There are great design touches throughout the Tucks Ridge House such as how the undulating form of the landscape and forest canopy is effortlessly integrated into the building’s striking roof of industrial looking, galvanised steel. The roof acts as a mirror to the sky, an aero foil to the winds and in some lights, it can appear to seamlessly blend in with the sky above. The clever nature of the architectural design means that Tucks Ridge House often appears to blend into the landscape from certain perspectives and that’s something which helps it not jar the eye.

==

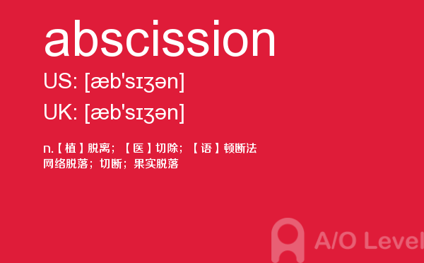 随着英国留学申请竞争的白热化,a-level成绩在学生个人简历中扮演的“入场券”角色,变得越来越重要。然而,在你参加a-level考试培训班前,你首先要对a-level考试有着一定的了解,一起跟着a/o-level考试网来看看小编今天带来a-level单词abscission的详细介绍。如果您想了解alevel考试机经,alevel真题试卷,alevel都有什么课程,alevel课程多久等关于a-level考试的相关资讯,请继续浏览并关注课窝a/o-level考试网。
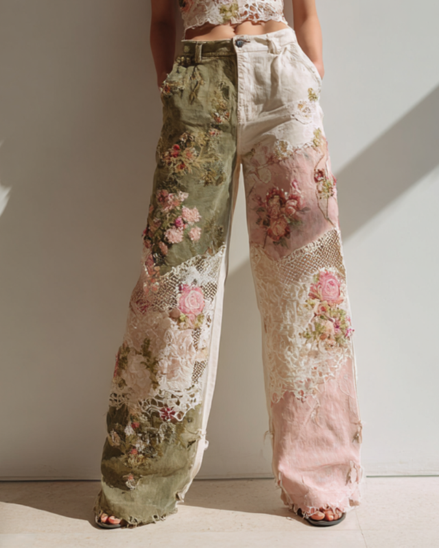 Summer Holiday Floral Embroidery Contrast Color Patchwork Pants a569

### DIRECTIONS
The answer must be the lines above from the one containing "随着英国留学申请竞争的白热化" through the one containing "Summer Holiday Floral", reproduced exactly, with no pictures and nothing else.

### WRITTEN ANSWER
 随着英国留学申请竞争的白热化,a-level成绩在学生个人简历中扮演的“入场券”角色,变得越来越重要。然而,在你参加a-level考试培训班前,你首先要对a-level考试有着一定的了解,一起跟着a/o-level考试网来看看小编今天带来a-level单词abscission的详细介绍。如果您想了解alevel考试机经,alevel真题试卷,alevel都有什么课程,alevel课程多久等关于a-level考试的相关资讯,请继续浏览并关注课窝a/o-level考试网。
 Summer Holiday Floral Embroidery Contrast Color Patchwork Pants a569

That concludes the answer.